İnsanlara sivrisinek ısırıklarıyla bulaşan bir Batı Nil Virüsü vakaları dünyanın dört bir yanında görülüyor. Hasta kuşlardan emdikleri kanı insanlara taşıyan sivrisiklerden kaynaklanan hastalıkta, virüsün bulaştığı insanların yaklaşık yüzde 80’inde herhangi bir belirti görülmüyor. Virüsün bulaştığı kişilerin yüzde 20’sindeyse Batı Nil ateşi gözlemleniyor.
Belirtileri arasında ateş, baş ağrısı, yorgunluk, vücut ağrıları, mide bulanması, kusma ve nadiren vücutta döküntü ile lenf bezlerinde şişlik var. Hastalığın insanlar için doğrudan tedavisi yok. Ancak enfekte olan kişiler, hastaneye kaldırılarak solunum desteği ve diğer hastalıkların gelişiminin engellenmesi gibi önlemlerle destekleniyor. Batı Nil Virüsü için bir aşı da bulunmuyor.
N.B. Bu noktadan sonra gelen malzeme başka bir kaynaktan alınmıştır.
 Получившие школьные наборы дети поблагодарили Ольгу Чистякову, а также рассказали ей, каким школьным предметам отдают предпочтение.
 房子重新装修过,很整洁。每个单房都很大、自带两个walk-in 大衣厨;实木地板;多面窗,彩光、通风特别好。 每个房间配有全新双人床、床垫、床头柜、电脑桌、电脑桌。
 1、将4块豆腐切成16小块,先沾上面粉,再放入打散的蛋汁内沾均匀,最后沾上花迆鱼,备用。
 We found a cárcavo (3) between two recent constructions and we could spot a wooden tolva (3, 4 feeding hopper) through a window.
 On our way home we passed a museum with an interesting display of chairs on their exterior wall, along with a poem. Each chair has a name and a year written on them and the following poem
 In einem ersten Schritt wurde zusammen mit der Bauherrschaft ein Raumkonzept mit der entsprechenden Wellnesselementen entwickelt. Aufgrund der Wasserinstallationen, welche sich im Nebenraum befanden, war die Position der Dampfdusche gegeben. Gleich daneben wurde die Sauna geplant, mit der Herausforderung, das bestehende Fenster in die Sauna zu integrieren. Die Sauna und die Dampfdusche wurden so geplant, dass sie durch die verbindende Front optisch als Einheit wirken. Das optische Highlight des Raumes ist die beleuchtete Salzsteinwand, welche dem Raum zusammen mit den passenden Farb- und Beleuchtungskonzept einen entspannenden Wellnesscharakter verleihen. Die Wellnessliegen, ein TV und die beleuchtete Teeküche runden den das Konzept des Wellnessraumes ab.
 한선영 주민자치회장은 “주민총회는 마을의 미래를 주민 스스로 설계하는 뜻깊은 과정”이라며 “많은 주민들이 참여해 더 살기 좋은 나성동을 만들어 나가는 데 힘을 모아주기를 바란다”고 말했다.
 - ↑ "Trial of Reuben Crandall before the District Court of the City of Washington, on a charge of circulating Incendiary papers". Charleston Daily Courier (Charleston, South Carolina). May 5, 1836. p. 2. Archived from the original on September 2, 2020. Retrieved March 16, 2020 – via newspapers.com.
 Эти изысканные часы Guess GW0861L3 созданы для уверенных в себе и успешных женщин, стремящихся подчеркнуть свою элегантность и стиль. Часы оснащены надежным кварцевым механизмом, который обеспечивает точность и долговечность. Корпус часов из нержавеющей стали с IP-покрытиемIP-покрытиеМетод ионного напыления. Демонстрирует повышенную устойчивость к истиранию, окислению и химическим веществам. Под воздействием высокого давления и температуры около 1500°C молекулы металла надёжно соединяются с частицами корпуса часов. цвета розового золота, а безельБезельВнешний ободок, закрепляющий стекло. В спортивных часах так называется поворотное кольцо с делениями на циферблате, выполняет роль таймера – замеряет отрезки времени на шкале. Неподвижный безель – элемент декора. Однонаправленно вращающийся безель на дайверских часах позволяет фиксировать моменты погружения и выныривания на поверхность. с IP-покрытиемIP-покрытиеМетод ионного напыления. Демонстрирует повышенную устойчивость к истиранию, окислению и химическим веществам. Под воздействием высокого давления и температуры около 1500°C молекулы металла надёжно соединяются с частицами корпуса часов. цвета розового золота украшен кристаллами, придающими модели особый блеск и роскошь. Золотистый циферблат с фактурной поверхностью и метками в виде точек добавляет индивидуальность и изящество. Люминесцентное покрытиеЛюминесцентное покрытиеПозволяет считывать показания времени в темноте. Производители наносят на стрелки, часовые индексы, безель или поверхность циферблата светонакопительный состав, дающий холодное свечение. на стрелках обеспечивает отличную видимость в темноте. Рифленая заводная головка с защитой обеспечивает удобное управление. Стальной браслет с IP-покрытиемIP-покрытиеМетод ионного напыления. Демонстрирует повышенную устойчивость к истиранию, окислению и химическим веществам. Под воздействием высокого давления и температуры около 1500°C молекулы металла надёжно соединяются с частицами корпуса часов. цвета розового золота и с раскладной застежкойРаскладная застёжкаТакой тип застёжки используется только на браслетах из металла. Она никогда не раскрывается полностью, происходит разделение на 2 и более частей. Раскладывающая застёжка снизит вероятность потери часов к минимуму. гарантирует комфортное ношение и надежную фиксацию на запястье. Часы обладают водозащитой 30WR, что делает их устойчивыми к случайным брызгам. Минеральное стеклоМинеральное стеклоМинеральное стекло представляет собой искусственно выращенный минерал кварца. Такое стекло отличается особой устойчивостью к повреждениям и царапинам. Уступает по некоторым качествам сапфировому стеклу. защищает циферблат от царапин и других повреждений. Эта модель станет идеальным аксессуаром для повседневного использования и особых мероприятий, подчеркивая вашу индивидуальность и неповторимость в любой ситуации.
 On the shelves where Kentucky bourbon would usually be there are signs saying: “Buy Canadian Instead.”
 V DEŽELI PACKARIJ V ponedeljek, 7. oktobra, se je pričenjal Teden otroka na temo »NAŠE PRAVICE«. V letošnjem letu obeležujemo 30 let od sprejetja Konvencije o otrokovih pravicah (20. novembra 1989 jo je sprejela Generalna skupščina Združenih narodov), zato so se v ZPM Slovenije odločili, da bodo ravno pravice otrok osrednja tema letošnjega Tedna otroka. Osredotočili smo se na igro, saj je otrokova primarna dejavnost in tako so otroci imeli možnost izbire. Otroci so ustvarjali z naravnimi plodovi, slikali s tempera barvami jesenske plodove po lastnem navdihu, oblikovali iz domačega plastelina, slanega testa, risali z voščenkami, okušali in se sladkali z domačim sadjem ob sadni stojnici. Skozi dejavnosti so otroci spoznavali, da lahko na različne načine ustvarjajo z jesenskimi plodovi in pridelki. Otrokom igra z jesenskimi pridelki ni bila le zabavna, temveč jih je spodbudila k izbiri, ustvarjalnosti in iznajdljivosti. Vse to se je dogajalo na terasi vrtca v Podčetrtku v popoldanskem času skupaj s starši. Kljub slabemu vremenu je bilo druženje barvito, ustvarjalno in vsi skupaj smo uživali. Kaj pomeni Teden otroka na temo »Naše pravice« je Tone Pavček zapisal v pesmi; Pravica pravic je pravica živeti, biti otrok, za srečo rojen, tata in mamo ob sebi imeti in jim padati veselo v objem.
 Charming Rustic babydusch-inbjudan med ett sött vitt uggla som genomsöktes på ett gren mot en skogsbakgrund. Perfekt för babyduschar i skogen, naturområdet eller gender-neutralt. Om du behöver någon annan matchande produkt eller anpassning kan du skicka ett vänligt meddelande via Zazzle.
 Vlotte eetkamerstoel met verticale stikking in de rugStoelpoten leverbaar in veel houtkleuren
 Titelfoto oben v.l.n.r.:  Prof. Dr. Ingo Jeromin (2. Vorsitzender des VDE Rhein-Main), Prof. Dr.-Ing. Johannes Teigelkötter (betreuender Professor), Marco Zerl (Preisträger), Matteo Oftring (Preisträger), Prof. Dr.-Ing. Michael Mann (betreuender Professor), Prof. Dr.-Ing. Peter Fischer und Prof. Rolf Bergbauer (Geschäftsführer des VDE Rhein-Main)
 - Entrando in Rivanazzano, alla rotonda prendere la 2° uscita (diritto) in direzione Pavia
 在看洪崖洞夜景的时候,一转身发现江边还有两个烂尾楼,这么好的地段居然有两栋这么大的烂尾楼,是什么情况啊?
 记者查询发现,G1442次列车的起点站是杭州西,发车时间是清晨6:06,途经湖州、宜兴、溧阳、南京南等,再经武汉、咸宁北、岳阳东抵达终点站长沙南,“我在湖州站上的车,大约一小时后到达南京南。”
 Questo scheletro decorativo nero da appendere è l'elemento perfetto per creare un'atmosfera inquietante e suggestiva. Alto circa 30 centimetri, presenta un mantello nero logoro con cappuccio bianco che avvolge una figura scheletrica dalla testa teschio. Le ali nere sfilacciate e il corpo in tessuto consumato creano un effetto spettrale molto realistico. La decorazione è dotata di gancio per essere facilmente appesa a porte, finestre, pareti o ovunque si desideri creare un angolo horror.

65 yaş üstü için ölümcül olabilir
İstanbul Üniversitesi Tıp Fakültesi İnfeksiyon Hastalıkları ve Klinik Mikrobiyoloji Anabilim Dalı Öğretim Üyesi Prof. Dr. Serap Şimşek Yavuz, BBC Türkçe’ye yaptığı açıklamada, özellikle 65 yaş üstü ve bağışıklık sistemi baskılanmış kişilerin risk grubunda olduğunu söylüyor. Prof. Dr. Yavuz, hastalığın ölüme neden olabildiğini belirtiyor ve ekliyor: “Hastalığın ülkemizde artık yaygın olarak görüldüğünü, birçok şehirde görülen bir hastalık olduğunu biliyoruz. Çok az bilinen bir hastalık. Ciddiye almamız gerektiğini, çok paydaşlı olarak aynı İstanbul örneğinde olduğu gibi mücadele etmemiz gerektiğini düşünüyorum.”
Hastalığın yoğunlaştığı yerlerle ilgili bilgi veren Koç Üniversitesi İş Bankası Enfeksiyon Hastalıkları Araştırma Merkezi Başkanı Prof. Dr. Önder Ergönül, “Küçükçekmeçe, Büyükçekmeçe, Beylikdüzü, Avcılar gibi yerler yani Avrupa yakası ağırlık kazanıyor. Bu, buralardaki göl ve göletlerdeki sivrisineklerin kümelenmesinden kaynaklı oluyor. Edirne, Kırklareli, Bursa, Adana, Osmaniye, Antakya gibi yerlerden de vakalar bildiriliyor” dedi.
Geçmeyen yüksek ateşe dikkat!
Prof. Dr. Ergönül, “2024’e gelindiğinde bütün Türkiye’de olabilecek en yüksek vaka sayısı var” diyor ve meslektaşlarından edindiği bilgilere dayanarak Haziran ayından başlayan süreçte, İstanbul’da yüze yakın vaka olduğunu tahmin ettiğini belirtiyor.
Prof. Ergönül, hastaneye başvuru konusunda ise “Geçmeye yüksek ateş, baş ağrısı, bilinç bulanıklığı, kol ve bacaklarda uyuşma ve bunları tutamama gibi durumlar olması halinde hemen doktora başvurulması gerekir” diyor.
Hangi önlemler alınabilir?
Prof. Dr. Yavuz, yapılabileceklerle ilgili örnekler verirken, sivrisineklerin evlere girmesini engellemek için pencerelere sineklik takmanın, sivrisinek olan yerlerde uzun kollu giyinmenin ve vücuda sinek kovucu sprey sokmanın öneminden bahsediyor.
Sağlık Bakanlığı Halk Sağlığı Genel Müdürlüğü’nün Nil Virüsü’ne yönelik açıklamasında bunların dışında, sineklerin çok olduğu dönemlerde cibinlik kullanılması; kapalı ortamlarda, hava dolaşımı yaratacak vantilatör, klima gibi cihazlar kullanılması; evlerin yakınlarındaki su birikintilerinin kurutulması; boş saksı ve teneke kutu gibi yerlerde su birikmesinin önlenmesi gibi öneriler bulunuyor.